Returns the complex conjugate, element-wise.

Returns

x

Return type

ds-array

copy()[source]

Creates a copy of this ds-array.

Returns

x_copy

Return type

ds-array

max(axis=0)[source]

Returns the maximum along the given axis.

Parameters

axis (int, optional (default=0))

Returns

max – Maximum along axis.

Return type

ds-array

mean(axis=0)[source]

Returns the mean along the given axis.

Parameters

axis (int, optional (default=0))

Returns

mean – Mean along axis.

Return type

ds-array

median(axis=0)[source]

Returns the median along the given axis.

Parameters

axis (int, optional (default=0))

Returns

median – Median along axis.

Return type

ds-array

Raises

NotImplementedError – If the ds-array is sparse.

min(axis=0)[source]

Returns the minimum along the given axis.

Parameters

axis (int, optional (default=0))

Returns

min – Minimum along axis.

Return type

ds-array

norm(axis=0)[source]

Returns the Frobenius norm along an axis.

Parameters

axis (int, optional (default=0)) – Specifies the axis of the array along which to compute the vector norms.

Returns

norm – Norm along axis.

Return type

ds-array

Raises

NotImplementedError – If the ds-array is sparse.

rechunk(block_size)[source]

Re-partitions the ds-array into blocks of the given block size.

Parameters

block_size (tuple of two ints) – The desired block size.

Returns

x – Re-partitioned ds-array.

Return type

ds-array

replace_block(i, j, new_block)[source]
property shape

Total shape of the ds-array

sqrt()[source]

Returns the element-wise square root of the elements in the ds-array

Returns

x

Return type

ds-array

sum(axis=0)[source]

Returns the sum along the given axis.

Parameters

axis (int, optional (default=0))

Returns

sum – Sum along axis.

Return type

ds-array

transpose(mode='rows')[source]

Returns the transpose of the ds-array following the method indicated by mode. ‘All’ uses a single task to transpose all the blocks (slow with high number of blocks). ‘rows’ and ‘columns’ transpose each block of rows or columns independently (i.e. a task per row/col block).

Parameters

mode (string, optional (default=rows)) – Array of samples.

Returns

dsarray – A transposed ds-array.

Return type

ds-array

Array creation routines

dislib.array(x, block_size)[source]

Loads data into a Distributed Array.

Parameters
  • x (spmatrix or array-like, shape=(n_samples, n_features)) – Array of samples.

  • block_size ((int, int)) – Block sizes in number of samples.

Returns

dsarray – A distributed representation of the data divided in blocks.

Return type

ds-array

dislib.random_array(shape, block_size, random_state=None)[source]

Returns a distributed array of random floats in the open interval [0.0, 1.0).
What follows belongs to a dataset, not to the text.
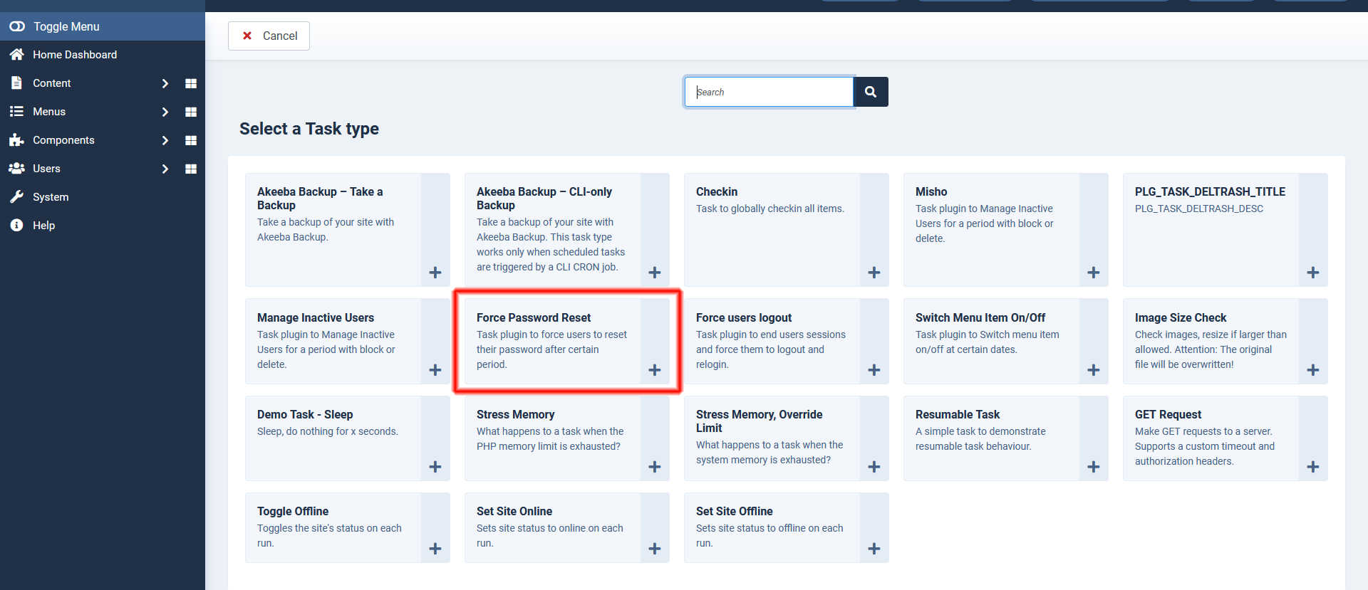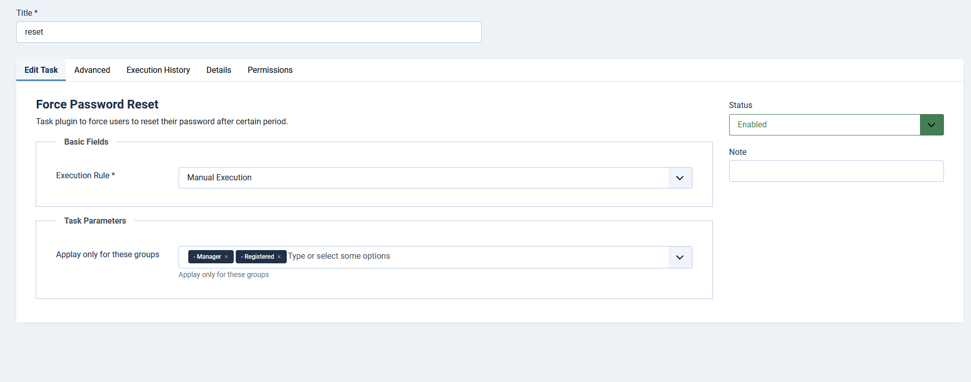 This task plugin will help You to force users of selected groups to reset their password periodically.

Values are from the “continuous uniform” distribution over the stated interval.

Parameters
  • shape (tuple of two ints) – Shape of the output ds-array.

  • block_size (tuple of two ints) – Size of the ds-array blocks.

  • random_state (int or RandomState, optional (default=None)) – Seed or numpy.random.RandomState instance to generate the random numbers.

Returns

x – Distributed array of random floats.

Return type

ds-array

dislib.zeros(shape, block_size, dtype=None)[source]

Returns a ds-array of given shape and block size, filled with zeros.

Parameters
  • shape (tuple of two ints) – Shape of the output ds-array.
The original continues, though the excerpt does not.